### Given records
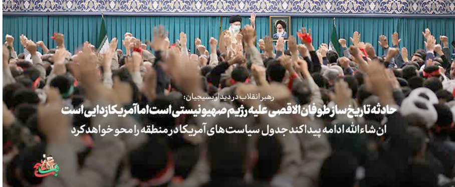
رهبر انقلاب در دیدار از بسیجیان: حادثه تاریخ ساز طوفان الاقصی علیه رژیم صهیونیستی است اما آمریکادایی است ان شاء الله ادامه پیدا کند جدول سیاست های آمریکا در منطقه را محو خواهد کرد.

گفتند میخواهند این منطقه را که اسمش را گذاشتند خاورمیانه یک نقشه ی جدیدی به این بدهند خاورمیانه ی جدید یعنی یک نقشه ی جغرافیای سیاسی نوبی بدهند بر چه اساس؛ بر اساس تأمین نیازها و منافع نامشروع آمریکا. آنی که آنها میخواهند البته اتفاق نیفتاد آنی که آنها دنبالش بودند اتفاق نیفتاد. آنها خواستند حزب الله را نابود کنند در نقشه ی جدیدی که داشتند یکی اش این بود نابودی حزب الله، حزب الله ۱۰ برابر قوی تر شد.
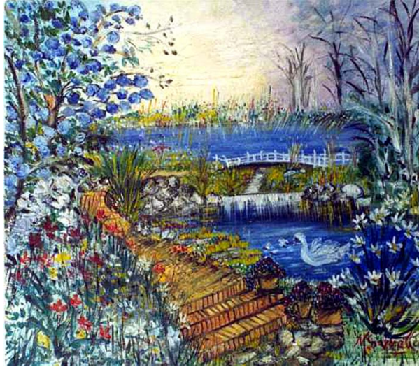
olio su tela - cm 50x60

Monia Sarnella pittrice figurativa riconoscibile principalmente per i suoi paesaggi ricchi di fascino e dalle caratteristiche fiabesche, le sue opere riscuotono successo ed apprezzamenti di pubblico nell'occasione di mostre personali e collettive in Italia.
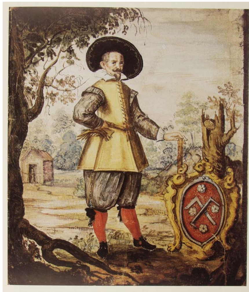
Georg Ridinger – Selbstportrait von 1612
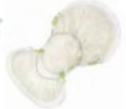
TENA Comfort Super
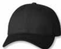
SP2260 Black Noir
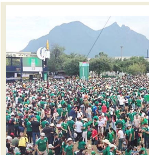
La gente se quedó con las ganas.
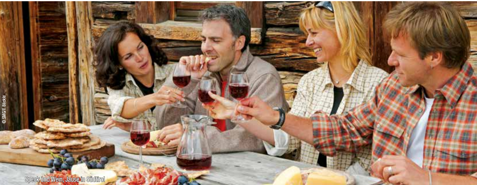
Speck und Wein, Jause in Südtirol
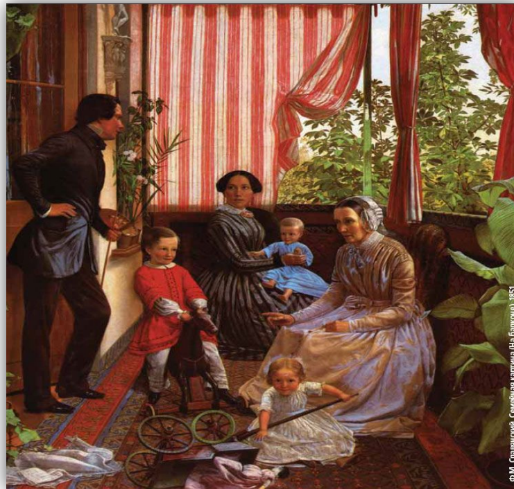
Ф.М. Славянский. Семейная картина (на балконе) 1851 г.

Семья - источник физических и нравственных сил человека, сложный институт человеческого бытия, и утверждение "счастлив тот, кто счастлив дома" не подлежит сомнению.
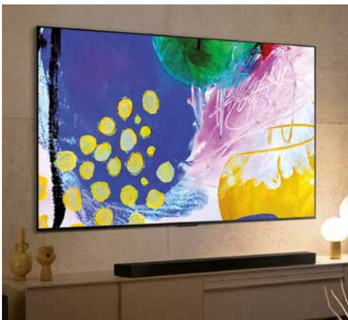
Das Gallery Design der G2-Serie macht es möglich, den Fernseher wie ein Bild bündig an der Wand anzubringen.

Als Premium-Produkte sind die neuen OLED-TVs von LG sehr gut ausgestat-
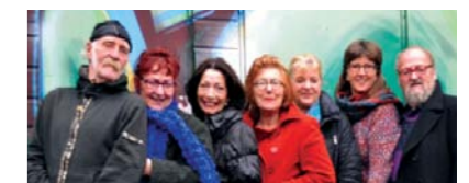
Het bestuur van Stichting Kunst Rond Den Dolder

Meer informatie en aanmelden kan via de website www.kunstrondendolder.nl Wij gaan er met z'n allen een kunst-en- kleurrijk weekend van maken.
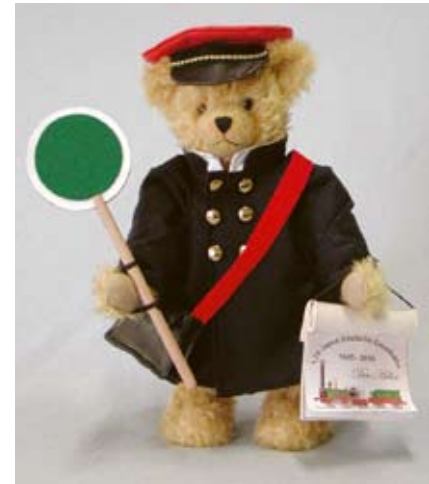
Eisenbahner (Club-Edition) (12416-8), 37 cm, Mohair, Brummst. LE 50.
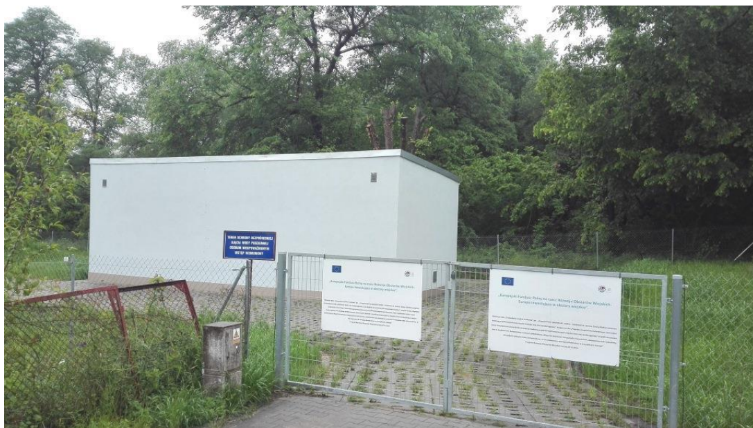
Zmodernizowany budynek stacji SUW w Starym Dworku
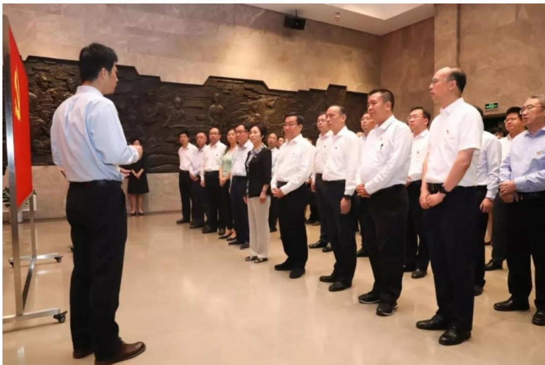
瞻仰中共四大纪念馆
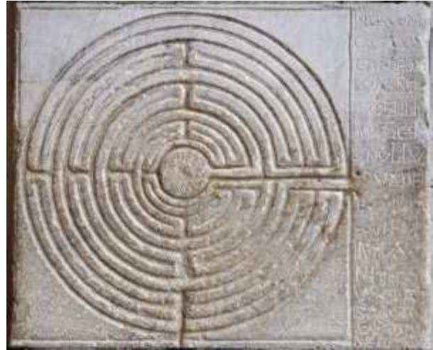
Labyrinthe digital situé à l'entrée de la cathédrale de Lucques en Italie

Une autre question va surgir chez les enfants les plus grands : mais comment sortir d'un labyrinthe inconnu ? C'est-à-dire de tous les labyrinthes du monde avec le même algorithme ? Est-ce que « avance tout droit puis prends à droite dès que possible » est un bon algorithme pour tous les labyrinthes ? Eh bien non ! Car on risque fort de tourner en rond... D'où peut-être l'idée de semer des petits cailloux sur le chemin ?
--
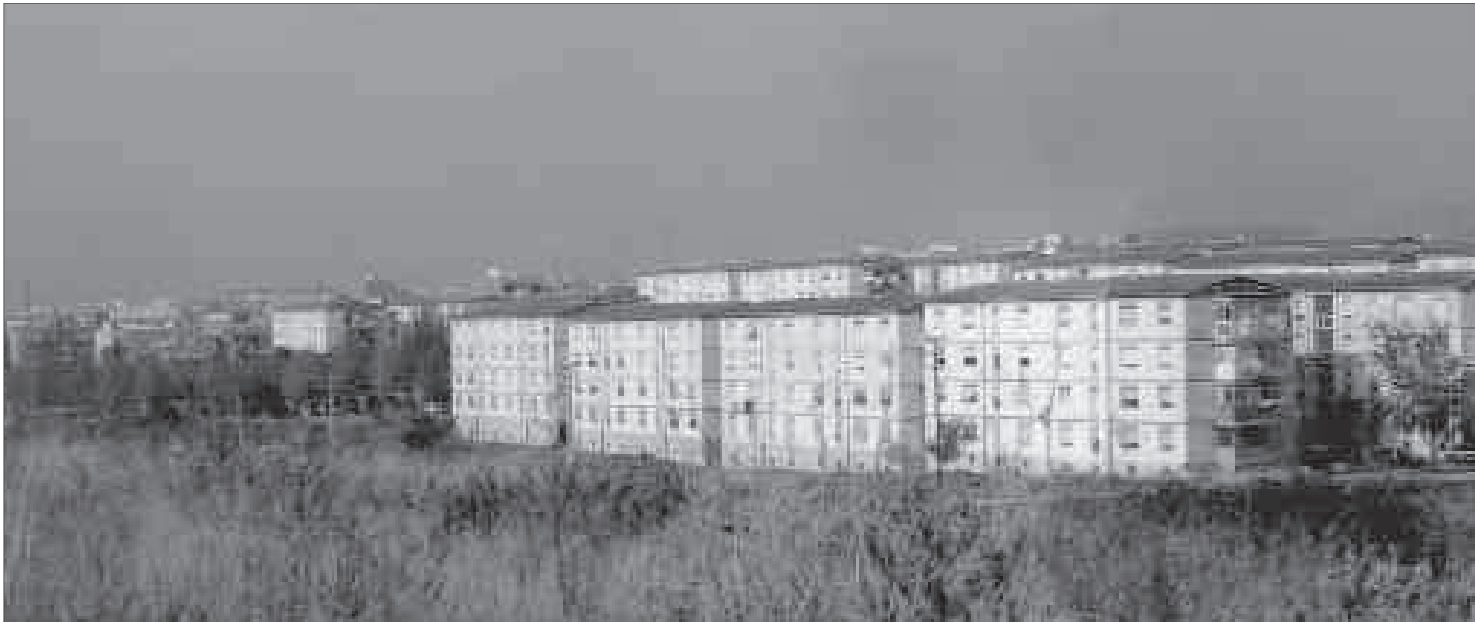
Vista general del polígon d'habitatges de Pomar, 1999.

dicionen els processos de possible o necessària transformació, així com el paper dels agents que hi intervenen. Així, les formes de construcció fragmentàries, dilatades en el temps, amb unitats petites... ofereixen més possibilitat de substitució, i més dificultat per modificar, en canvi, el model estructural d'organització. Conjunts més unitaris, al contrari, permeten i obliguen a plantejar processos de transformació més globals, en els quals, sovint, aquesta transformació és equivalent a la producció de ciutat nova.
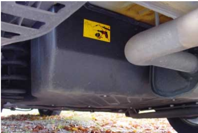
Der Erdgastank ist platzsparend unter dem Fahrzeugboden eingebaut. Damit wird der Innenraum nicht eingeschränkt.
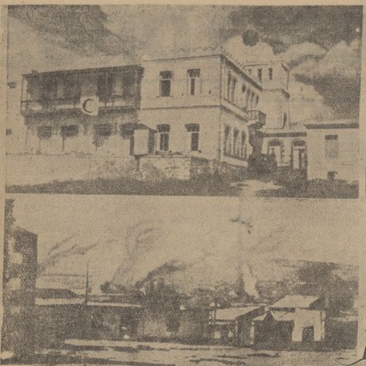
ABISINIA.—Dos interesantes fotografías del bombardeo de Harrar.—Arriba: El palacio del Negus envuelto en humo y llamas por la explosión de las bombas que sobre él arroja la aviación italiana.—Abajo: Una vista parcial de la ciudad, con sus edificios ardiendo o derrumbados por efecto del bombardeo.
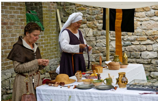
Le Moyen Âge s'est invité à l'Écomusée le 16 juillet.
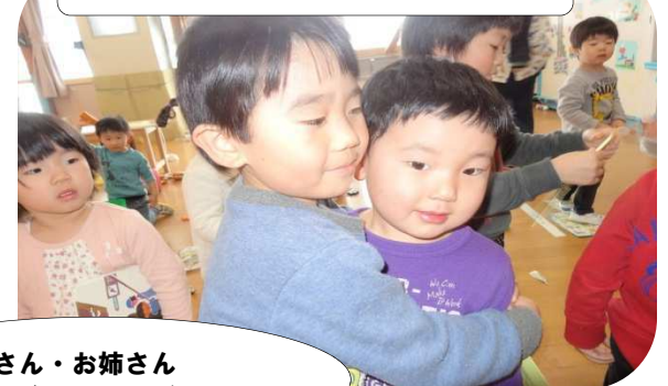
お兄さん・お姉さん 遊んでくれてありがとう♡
* * *
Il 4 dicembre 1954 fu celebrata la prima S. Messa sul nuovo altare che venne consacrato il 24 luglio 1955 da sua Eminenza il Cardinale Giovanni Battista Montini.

### What to produce
Output should consist of the lines above from the one with "Meer informatie en" down to the one with "Une autre question", exact and without pictures.

### Task solution
Meer informatie en aanmelden kan via de website www.kunstrondendolder.nl Wij gaan er met z'n allen een kunst-en- kleurrijk weekend van maken.
Eisenbahner (Club-Edition) (12416-8), 37 cm, Mohair, Brummst. LE 50.
Zmodernizowany budynek stacji SUW w Starym Dworku
瞻仰中共四大纪念馆
Labyrinthe digital situé à l'entrée de la cathédrale de Lucques en Italie

Une autre question va surgir chez les enfants les plus grands : mais comment sortir d'un labyrinthe inconnu ? C'est-à-dire de tous les labyrinthes du monde avec le même algorithme ? Est-ce que « avance tout droit puis prends à droite dès que possible » est un bon algorithme pour tous les labyrinthes ? Eh bien non ! Car on risque fort de tourner en rond... D'où peut-être l'idée de semer des petits cailloux sur le chemin ?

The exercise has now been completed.